BEGIN

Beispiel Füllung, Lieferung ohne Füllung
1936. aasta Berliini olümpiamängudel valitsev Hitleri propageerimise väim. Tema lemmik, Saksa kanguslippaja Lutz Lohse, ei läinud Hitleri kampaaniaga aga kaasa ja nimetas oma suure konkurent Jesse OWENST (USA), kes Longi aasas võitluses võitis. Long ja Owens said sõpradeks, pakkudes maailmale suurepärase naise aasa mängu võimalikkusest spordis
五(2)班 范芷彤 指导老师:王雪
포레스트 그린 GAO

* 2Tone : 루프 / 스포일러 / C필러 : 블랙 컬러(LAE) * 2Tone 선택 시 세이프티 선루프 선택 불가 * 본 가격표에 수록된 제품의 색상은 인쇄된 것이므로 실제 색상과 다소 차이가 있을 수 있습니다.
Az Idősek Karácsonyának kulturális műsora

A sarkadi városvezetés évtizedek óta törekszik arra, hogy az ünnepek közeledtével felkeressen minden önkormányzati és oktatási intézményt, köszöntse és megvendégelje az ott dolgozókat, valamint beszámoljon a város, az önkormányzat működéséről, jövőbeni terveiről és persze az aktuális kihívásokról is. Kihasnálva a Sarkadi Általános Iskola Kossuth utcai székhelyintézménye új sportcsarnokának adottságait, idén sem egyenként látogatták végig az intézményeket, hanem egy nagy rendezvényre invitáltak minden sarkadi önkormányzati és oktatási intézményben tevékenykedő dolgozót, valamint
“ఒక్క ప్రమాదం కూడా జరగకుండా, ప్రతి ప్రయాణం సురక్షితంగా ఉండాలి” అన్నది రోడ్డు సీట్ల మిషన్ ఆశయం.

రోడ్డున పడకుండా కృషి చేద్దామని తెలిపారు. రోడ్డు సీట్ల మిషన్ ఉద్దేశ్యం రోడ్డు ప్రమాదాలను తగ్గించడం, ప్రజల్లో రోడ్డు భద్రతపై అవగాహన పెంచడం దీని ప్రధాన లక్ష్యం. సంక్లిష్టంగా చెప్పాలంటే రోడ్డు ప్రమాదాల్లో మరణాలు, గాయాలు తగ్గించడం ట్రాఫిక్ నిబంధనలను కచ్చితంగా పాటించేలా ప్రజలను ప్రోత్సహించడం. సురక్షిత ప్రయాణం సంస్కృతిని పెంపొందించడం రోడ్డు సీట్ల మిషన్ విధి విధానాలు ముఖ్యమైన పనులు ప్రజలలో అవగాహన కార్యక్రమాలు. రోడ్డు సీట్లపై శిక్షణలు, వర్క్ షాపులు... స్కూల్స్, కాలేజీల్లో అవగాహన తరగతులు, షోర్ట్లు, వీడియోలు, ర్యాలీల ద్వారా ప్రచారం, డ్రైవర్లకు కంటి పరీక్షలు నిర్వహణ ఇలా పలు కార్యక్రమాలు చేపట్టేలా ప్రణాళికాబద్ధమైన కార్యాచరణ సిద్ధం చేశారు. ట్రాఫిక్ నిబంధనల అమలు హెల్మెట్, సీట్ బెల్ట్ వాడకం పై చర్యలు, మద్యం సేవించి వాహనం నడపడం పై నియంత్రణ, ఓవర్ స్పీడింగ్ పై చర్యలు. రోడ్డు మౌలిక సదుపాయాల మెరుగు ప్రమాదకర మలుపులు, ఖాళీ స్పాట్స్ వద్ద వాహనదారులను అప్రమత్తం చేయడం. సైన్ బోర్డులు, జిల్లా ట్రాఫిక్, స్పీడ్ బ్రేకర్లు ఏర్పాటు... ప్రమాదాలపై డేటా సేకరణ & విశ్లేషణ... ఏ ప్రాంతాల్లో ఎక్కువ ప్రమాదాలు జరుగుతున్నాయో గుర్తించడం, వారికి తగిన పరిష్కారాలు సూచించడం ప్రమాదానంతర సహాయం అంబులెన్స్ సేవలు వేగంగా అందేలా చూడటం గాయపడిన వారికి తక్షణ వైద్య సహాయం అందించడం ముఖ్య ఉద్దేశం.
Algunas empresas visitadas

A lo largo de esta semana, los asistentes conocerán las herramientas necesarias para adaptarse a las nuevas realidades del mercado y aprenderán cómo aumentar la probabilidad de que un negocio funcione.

END
BEGIN

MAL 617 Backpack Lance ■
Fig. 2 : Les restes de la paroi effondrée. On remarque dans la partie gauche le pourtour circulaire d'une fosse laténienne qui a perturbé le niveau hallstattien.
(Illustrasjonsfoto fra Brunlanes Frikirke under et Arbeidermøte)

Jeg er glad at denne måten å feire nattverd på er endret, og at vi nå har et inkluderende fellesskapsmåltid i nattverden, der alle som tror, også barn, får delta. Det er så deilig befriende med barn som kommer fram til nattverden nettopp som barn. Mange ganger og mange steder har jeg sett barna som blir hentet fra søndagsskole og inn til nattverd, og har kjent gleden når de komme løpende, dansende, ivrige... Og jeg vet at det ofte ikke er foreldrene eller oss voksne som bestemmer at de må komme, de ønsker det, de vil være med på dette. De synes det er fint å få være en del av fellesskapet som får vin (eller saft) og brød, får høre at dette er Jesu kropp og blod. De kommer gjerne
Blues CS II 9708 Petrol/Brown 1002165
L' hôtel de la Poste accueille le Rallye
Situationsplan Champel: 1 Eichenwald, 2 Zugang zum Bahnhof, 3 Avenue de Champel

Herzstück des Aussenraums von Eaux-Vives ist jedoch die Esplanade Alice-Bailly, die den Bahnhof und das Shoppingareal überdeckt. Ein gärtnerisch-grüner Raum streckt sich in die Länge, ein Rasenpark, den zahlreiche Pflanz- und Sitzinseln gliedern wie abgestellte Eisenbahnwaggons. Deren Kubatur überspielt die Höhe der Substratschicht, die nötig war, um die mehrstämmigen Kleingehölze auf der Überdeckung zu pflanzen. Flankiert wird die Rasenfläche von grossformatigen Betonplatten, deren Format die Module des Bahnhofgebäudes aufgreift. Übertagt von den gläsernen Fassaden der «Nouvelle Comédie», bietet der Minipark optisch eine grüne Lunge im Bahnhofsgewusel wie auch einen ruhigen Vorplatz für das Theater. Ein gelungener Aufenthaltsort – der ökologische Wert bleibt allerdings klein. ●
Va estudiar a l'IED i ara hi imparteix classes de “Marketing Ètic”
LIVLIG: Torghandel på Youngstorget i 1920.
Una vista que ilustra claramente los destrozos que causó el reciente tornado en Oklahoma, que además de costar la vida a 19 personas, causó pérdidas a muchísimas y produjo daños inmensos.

END
BEGIN

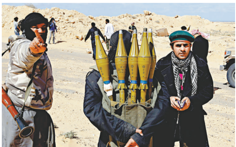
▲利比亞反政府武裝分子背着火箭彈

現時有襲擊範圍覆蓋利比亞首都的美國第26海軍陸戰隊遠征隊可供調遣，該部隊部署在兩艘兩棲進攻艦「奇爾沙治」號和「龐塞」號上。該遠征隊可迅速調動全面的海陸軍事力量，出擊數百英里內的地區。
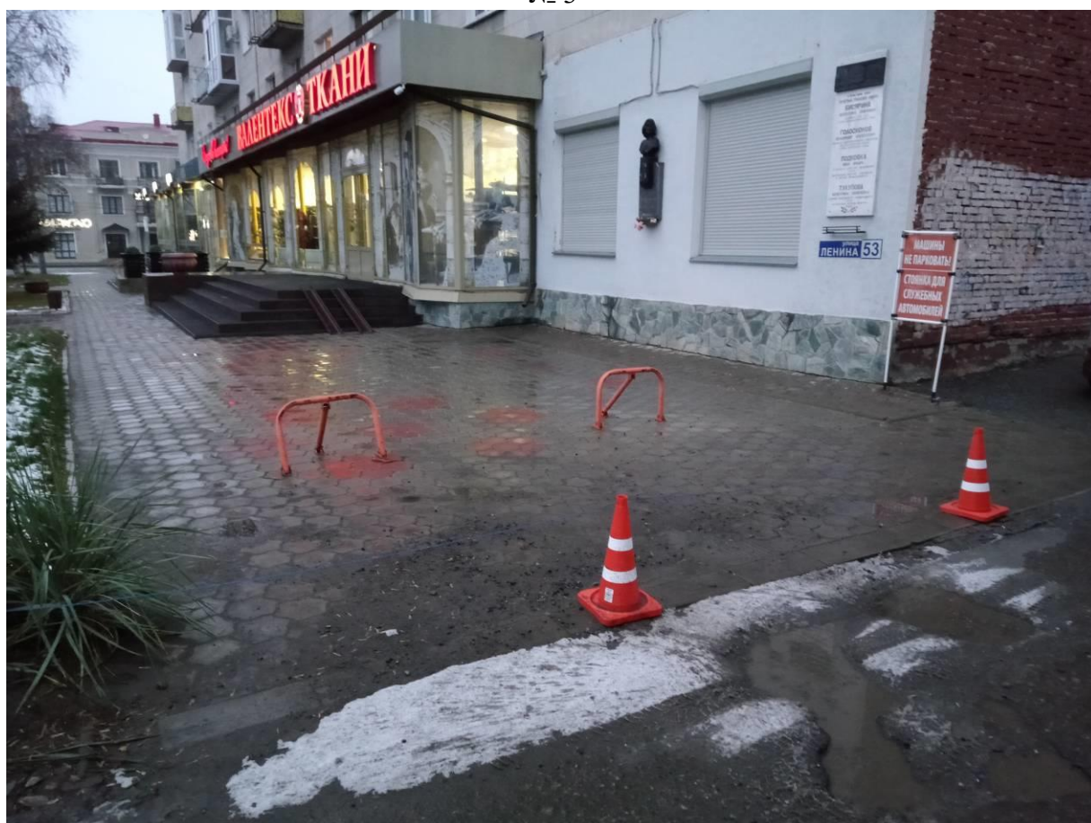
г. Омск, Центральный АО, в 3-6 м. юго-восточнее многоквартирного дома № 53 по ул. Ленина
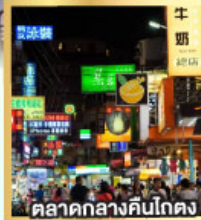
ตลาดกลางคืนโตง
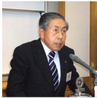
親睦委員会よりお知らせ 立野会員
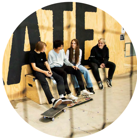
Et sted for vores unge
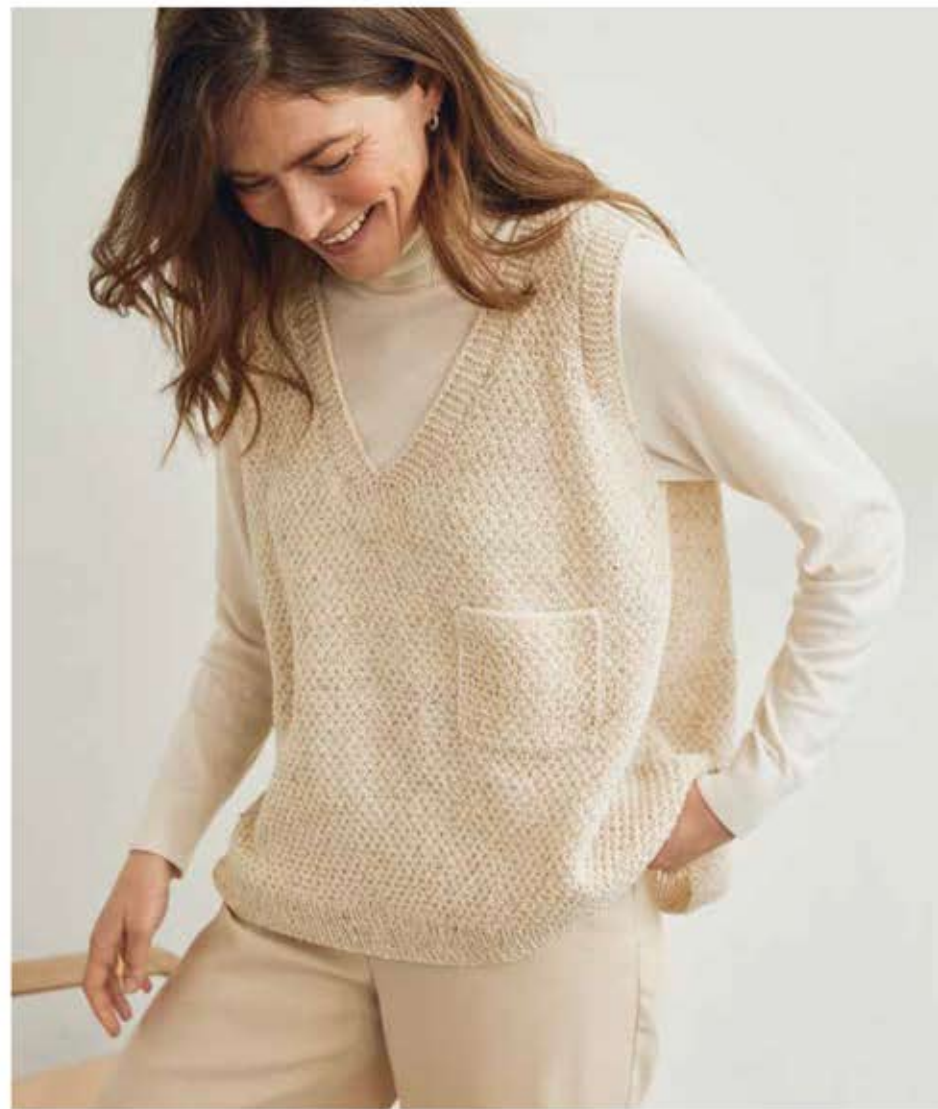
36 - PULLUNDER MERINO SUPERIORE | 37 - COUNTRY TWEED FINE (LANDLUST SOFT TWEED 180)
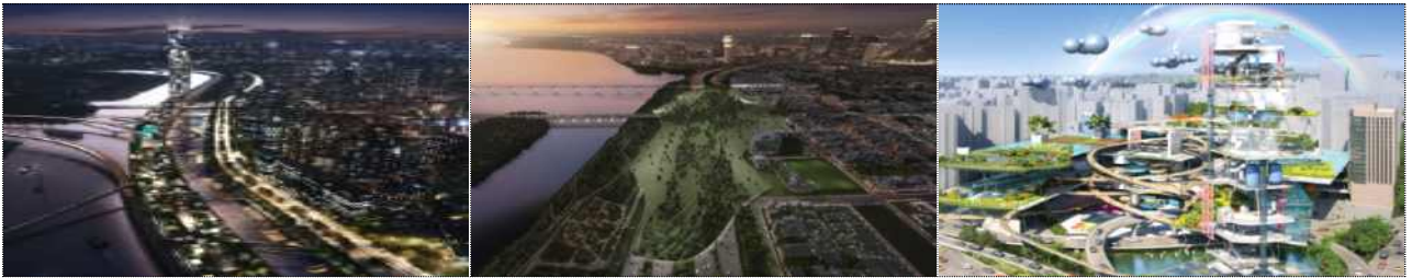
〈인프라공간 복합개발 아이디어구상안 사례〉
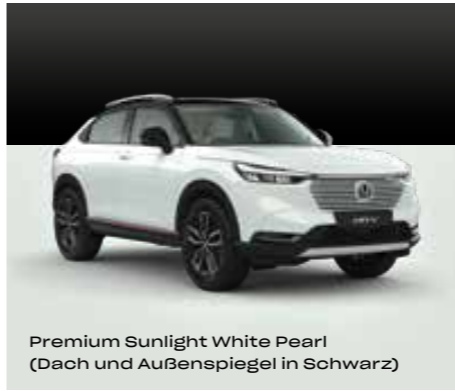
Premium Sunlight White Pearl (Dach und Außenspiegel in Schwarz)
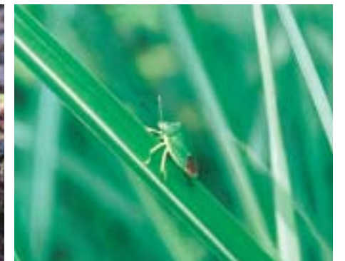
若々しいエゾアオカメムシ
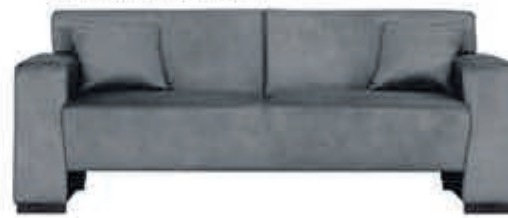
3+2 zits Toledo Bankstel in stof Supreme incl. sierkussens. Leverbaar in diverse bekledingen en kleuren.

END

→ **Task item**
Look back at the entries above. Retype the line with "MAL 617 Backpack Lance ■", the line with "(Illustrasjonsfoto fra Brunlanes", and all lines in between.

→ **Reply to the task**
MAL 617 Backpack Lance ■
Fig. 2 : Les restes de la paroi effondrée. On remarque dans la partie gauche le pourtour circulaire d'une fosse laténienne qui a perturbé le niveau hallstattien.
(Illustrasjonsfoto fra Brunlanes Frikirke under et Arbeidermøte)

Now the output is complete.